*** Block opens ***

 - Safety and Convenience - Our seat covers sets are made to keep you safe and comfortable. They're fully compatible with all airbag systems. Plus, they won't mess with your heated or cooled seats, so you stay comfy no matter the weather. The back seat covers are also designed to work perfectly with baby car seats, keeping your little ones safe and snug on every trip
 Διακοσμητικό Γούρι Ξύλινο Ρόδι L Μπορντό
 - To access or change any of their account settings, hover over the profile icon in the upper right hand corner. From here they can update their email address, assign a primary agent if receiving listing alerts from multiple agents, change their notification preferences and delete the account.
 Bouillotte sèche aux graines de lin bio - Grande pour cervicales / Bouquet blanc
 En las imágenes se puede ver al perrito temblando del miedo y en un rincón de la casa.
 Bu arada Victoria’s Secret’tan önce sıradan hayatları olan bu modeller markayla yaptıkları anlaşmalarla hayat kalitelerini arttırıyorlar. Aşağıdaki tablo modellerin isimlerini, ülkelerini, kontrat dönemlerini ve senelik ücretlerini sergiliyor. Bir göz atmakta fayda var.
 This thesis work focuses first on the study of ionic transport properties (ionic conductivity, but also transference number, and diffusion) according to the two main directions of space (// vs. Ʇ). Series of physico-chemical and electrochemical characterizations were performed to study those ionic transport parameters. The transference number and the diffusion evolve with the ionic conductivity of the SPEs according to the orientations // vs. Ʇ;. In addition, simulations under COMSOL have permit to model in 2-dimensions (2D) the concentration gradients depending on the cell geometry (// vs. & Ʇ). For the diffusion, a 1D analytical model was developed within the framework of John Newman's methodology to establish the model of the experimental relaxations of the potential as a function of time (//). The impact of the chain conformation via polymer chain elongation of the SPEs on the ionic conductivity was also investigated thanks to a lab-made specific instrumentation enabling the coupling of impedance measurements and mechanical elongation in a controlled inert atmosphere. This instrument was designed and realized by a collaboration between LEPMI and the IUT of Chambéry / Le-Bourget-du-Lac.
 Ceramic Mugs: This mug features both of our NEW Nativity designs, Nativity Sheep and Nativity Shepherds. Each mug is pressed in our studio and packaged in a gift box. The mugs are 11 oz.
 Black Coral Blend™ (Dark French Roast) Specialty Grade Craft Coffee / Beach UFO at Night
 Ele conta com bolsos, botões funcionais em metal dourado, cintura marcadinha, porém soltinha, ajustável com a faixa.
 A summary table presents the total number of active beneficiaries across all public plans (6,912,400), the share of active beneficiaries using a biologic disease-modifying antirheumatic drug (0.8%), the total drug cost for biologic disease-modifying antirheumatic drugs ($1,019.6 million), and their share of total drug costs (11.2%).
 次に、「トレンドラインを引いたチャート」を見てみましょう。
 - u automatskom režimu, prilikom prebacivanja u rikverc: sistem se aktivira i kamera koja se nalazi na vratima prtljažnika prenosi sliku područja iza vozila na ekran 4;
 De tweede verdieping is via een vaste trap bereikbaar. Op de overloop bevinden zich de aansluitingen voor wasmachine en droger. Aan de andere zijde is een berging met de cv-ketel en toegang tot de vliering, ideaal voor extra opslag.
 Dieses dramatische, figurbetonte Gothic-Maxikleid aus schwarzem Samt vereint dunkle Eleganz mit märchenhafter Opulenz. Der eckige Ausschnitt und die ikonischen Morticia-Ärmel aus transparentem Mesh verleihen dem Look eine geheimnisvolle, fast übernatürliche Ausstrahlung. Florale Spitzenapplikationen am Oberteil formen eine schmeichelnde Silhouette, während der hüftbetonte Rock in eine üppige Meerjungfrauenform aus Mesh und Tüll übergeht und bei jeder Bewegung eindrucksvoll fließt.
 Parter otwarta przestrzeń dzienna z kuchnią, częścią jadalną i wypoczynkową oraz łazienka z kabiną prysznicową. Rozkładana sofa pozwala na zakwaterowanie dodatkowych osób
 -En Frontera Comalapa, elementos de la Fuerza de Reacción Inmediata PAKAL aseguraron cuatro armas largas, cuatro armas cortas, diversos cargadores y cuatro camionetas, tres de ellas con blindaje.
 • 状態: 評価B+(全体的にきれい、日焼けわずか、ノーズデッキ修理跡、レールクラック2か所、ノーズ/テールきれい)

*** Block closes ***

### PROBLEM STATEMENT
Give back the data above word for word.

### RESULT
 - Safety and Convenience - Our seat covers sets are made to keep you safe and comfortable. They're fully compatible with all airbag systems. Plus, they won't mess with your heated or cooled seats, so you stay comfy no matter the weather. The back seat covers are also designed to work perfectly with baby car seats, keeping your little ones safe and snug on every trip
 Διακοσμητικό Γούρι Ξύλινο Ρόδι L Μπορντό
 - To access or change any of their account settings, hover over the profile icon in the upper right hand corner. From here they can update their email address, assign a primary agent if receiving listing alerts from multiple agents, change their notification preferences and delete the account.
 Bouillotte sèche aux graines de lin bio - Grande pour cervicales / Bouquet blanc
 En las imágenes se puede ver al perrito temblando del miedo y en un rincón de la casa.
 Bu arada Victoria’s Secret’tan önce sıradan hayatları olan bu modeller markayla yaptıkları anlaşmalarla hayat kalitelerini arttırıyorlar. Aşağıdaki tablo modellerin isimlerini, ülkelerini, kontrat dönemlerini ve senelik ücretlerini sergiliyor. Bir göz atmakta fayda var.
 This thesis work focuses first on the study of ionic transport properties (ionic conductivity, but also transference number, and diffusion) according to the two main directions of space (// vs. Ʇ). Series of physico-chemical and electrochemical characterizations were performed to study those ionic transport parameters. The transference number and the diffusion evolve with the ionic conductivity of the SPEs according to the orientations // vs. Ʇ;. In addition, simulations under COMSOL have permit to model in 2-dimensions (2D) the concentration gradients depending on the cell geometry (// vs. & Ʇ). For the diffusion, a 1D analytical model was developed within the framework of John Newman's methodology to establish the model of the experimental relaxations of the potential as a function of time (//). The impact of the chain conformation via polymer chain elongation of the SPEs on the ionic conductivity was also investigated thanks to a lab-made specific instrumentation enabling the coupling of impedance measurements and mechanical elongation in a controlled inert atmosphere. This instrument was designed and realized by a collaboration between LEPMI and the IUT of Chambéry / Le-Bourget-du-Lac.
 Ceramic Mugs: This mug features both of our NEW Nativity designs, Nativity Sheep and Nativity Shepherds. Each mug is pressed in our studio and packaged in a gift box. The mugs are 11 oz.
 Black Coral Blend™ (Dark French Roast) Specialty Grade Craft Coffee / Beach UFO at Night
 Ele conta com bolsos, botões funcionais em metal dourado, cintura marcadinha, porém soltinha, ajustável com a faixa.
 A summary table presents the total number of active beneficiaries across all public plans (6,912,400), the share of active beneficiaries using a biologic disease-modifying antirheumatic drug (0.8%), the total drug cost for biologic disease-modifying antirheumatic drugs ($1,019.6 million), and their share of total drug costs (11.2%).
 次に、「トレンドラインを引いたチャート」を見てみましょう。
 - u automatskom režimu, prilikom prebacivanja u rikverc: sistem se aktivira i kamera koja se nalazi na vratima prtljažnika prenosi sliku područja iza vozila na ekran 4;
 De tweede verdieping is via een vaste trap bereikbaar. Op de overloop bevinden zich de aansluitingen voor wasmachine en droger. Aan de andere zijde is een berging met de cv-ketel en toegang tot de vliering, ideaal voor extra opslag.
 Dieses dramatische, figurbetonte Gothic-Maxikleid aus schwarzem Samt vereint dunkle Eleganz mit märchenhafter Opulenz. Der eckige Ausschnitt und die ikonischen Morticia-Ärmel aus transparentem Mesh verleihen dem Look eine geheimnisvolle, fast übernatürliche Ausstrahlung. Florale Spitzenapplikationen am Oberteil formen eine schmeichelnde Silhouette, während der hüftbetonte Rock in eine üppige Meerjungfrauenform aus Mesh und Tüll übergeht und bei jeder Bewegung eindrucksvoll fließt.
 Parter otwarta przestrzeń dzienna z kuchnią, częścią jadalną i wypoczynkową oraz łazienka z kabiną prysznicową. Rozkładana sofa pozwala na zakwaterowanie dodatkowych osób
 -En Frontera Comalapa, elementos de la Fuerza de Reacción Inmediata PAKAL aseguraron cuatro armas largas, cuatro armas cortas, diversos cargadores y cuatro camionetas, tres de ellas con blindaje.
 • 状態: 評価B+(全体的にきれい、日焼けわずか、ノーズデッキ修理跡、レールクラック2か所、ノーズ/テールきれい)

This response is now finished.